Psychologist logo

Real stepped care

Ellie Kerry – a Psychological Wellbeing Practitioner at Great Ormond Street Hospital – writes.

05 September 2019

My mum recently asked a question I have heard many times since starting as a PWP in Great Ormond Street Hospital (GOSH): ‘why is it that children seem to have worse mental health these days?’.

I answer: ‘Well, I think there are multiple factors such as increased awareness, reductions in stigma, and yes mum, social media might also be playing a part’. ‘Ahh’, she says, ‘it must be social media because we were fine in my day’, and the other parts of my answer fall on deaf ears.

And this is the issue – we, not just my mum, but even seasoned mental health professionals, are quick to underplay issues in children which have always been a problem, like conduct, anxiety, depression or attention deficit which are extremely common, treatable and in some cases preventable. Why is it then, that there is not a child equivalent to the adult IAPT system, when we know that more than half of all mental ill-health starts before the age of 14 (Future in Mind, 2015)? Steps have been taken with initiatives such as The Children and Young People’s Improving Access to Psychological Therapies (CYP IAPT) programme, but this service is situated within CAMHS, a service which is impenetrable by families who are ‘functioning’, whose children still attend school, have no diagnosis, and have not ‘yet’ had suicidal thoughts. The majority of families with children with treatable conditions, cannot receive the support they need.

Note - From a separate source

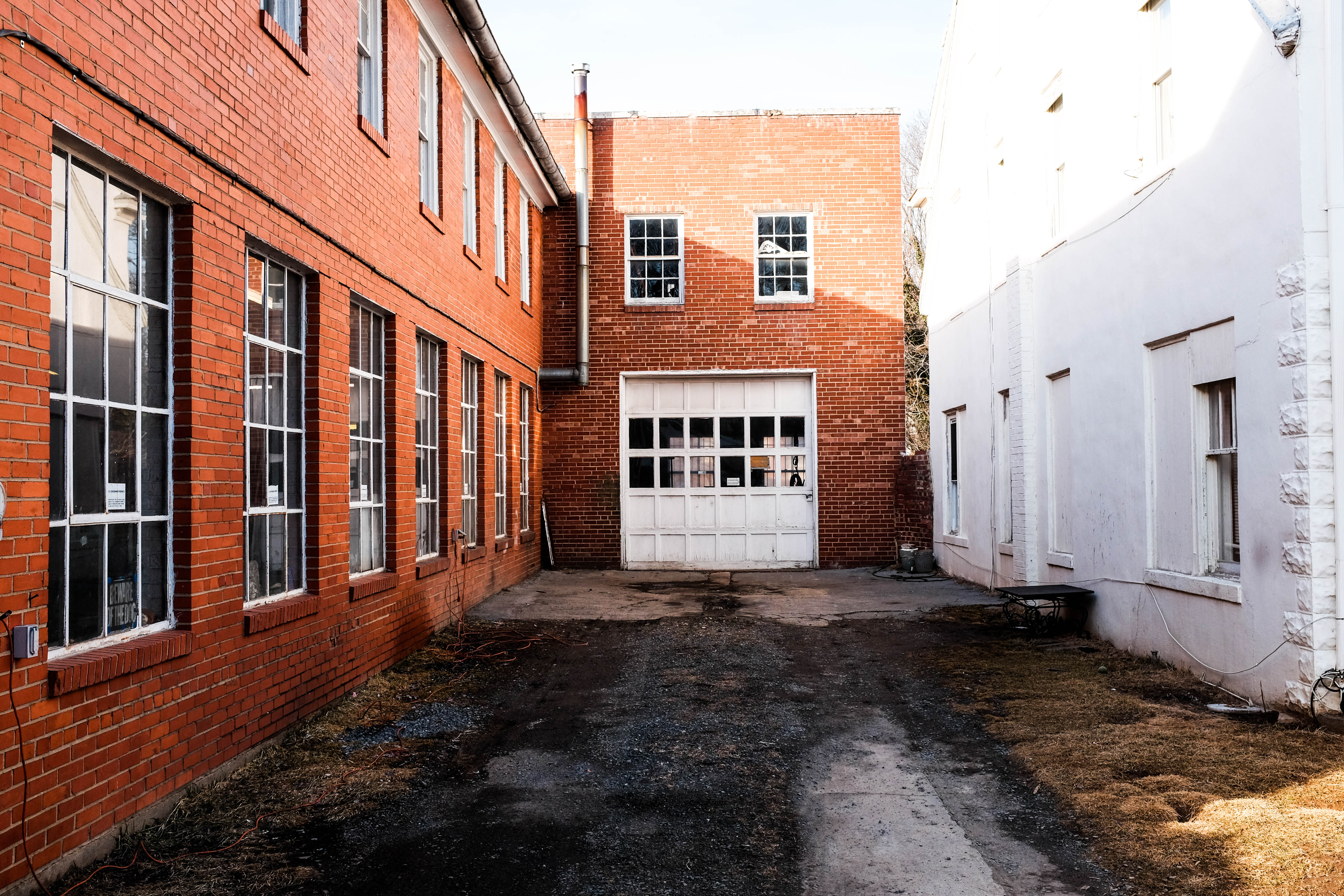 This photograph captures a narrow alleyway flanked by two distinct buildings, one of red brick and the other an off-white hue, creating a striking contrast. The low winter sunlight casts long shadows, enhancing the sense of isolation and stillness in this urban space. The clean lines and geometric shapes draw the eye toward the central garage door, inviting curiosity about the life behind its closed facade.

The solution is a real stepped care system for children and young people. At GOSH, we are researching the acceptability of such a system, with step one a ‘mental health drop-in’, delivering low-intensity interventions for families who might otherwise slip through the proverbial healthcare net. To my surprise, my experiences so far have not only brought me in contact with families experiencing mild to moderate conditions, but also those who have been deemed too complex for some services and too mild for others. The result is a sad lack of any meaningful input, with lots of waiting and let-down at the end. But the story brightens, as our service has been able to provide some simple evidence-based guidance and signposting, which in one family’s words, gave them the skills to cope whilst waiting to be seen by CAMHS.

So, to return to my call for a real stepped care system. With fantastic growing ambitions to provide support for children at earlier stages, for example within schools (Green Paper, 2017), we must remain mindful that there is still a big gap and a poorly designed net between first presentation and specialised support. Let’s think together about how we can add steps and prevent untreated cases resurfacing later in the adult mental health system.